Exercise details
Here is a listing, set out below; repeat its lines from the one with "HSS-E machinetappen, DIN" to the last, both included, and leave out the pictures.

Recorded data
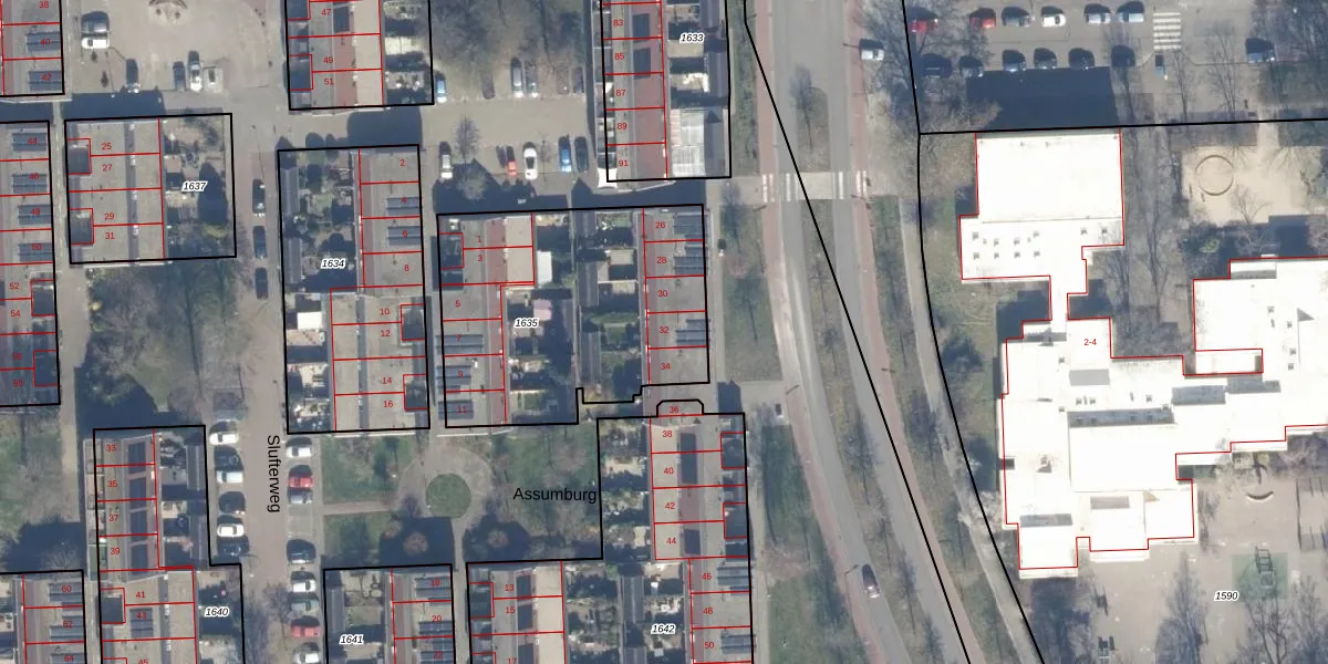 Het perceel waarop Assumburg 32 staat heeft een oppervlakte van 1192 m². Dit is een zeer groot perceel. De perceeloppervlakte wordt geregistreerd door het Kadaster. Gedetailleerde informatie over de maten van dit perceel kunt u vinden in het rapport Kadastrale kaart met maatvoering van Assumburg 32.
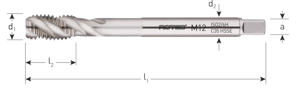 HSS-E machinetappen, DIN 376, metrisch [M], 60°, dunne schacht, type C, spiraalhoek 35°.
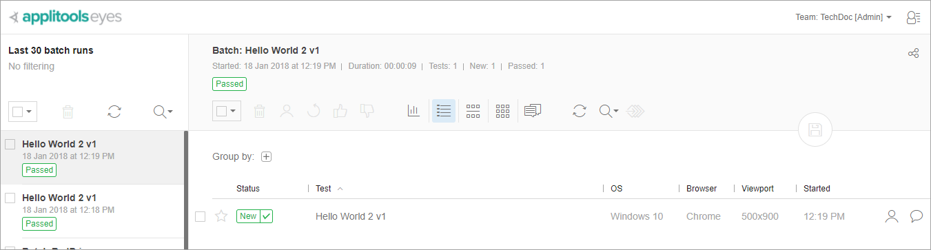 In the Eyes Test Manager, after clicking the 'update batch' button , we will see the single batch entry with a status of . Click on it, and you will see the two test results in the main panel, both with a status of
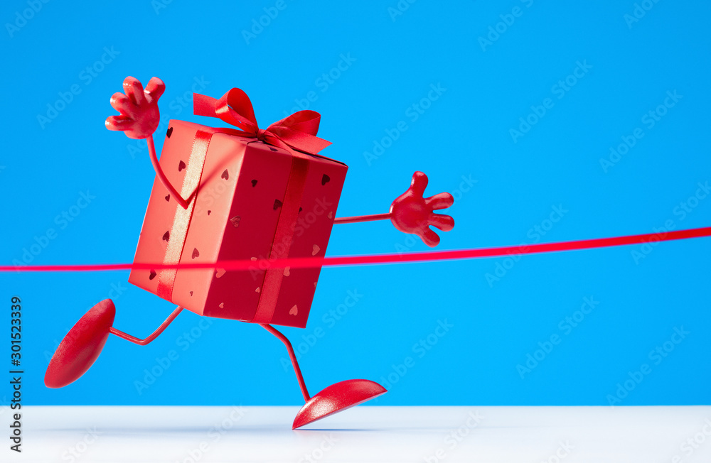 Gift. Box packed in red paper and decorated with ribbon with bow. Final sale. Blue background.

Written solution
 HSS-E machinetappen, DIN 376, metrisch [M], 60°, dunne schacht, type C, spiraalhoek 35°.
 In the Eyes Test Manager, after clicking the 'update batch' button , we will see the single batch entry with a status of . Click on it, and you will see the two test results in the main panel, both with a status of
 Gift. Box packed in red paper and decorated with ribbon with bow. Final sale. Blue background.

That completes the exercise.